Last year at High School

I find it hard to believe that I am already in my last year and planning to go to university next year.

It’s been a tough couple of weeks full of big decisions about which uni to go to, what course etc. I had originally decided on my chosen course in summer but lots of things occurred which led me to confusion. Due to my CP, I began to doubt myself by thinking that I couldn’t do a French degree just because I speak a little different to everybody else. I was torn down because of this as I have loved the French language ever since I started studying it.

I thought that this was impossible and that I would have to give up my dream and go in another direction…

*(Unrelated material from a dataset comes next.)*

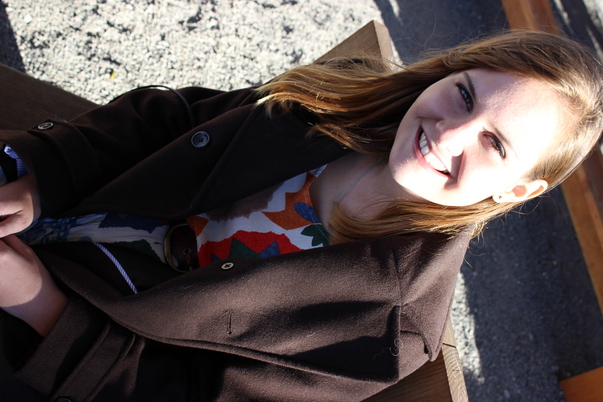 A teenage girl with red hair and an over-sized brown coat is smiling while sitting on a bench. |

BUT. I was not alone. Thanks to my parents, teachers and speech therapist, I managed to get back on track with a positive attitude and focus on achieving my dream – to study french at uni!

They helped me see that unfortunately some people have to work harder than others … but it’s ok. This is my life and I cannot change it so the only way forward is HARD WORK. I am ready to take on this challenge and will work hard to achieve my goal. I won’t give up. I won’t let CP stop me from doing what I want to do in life.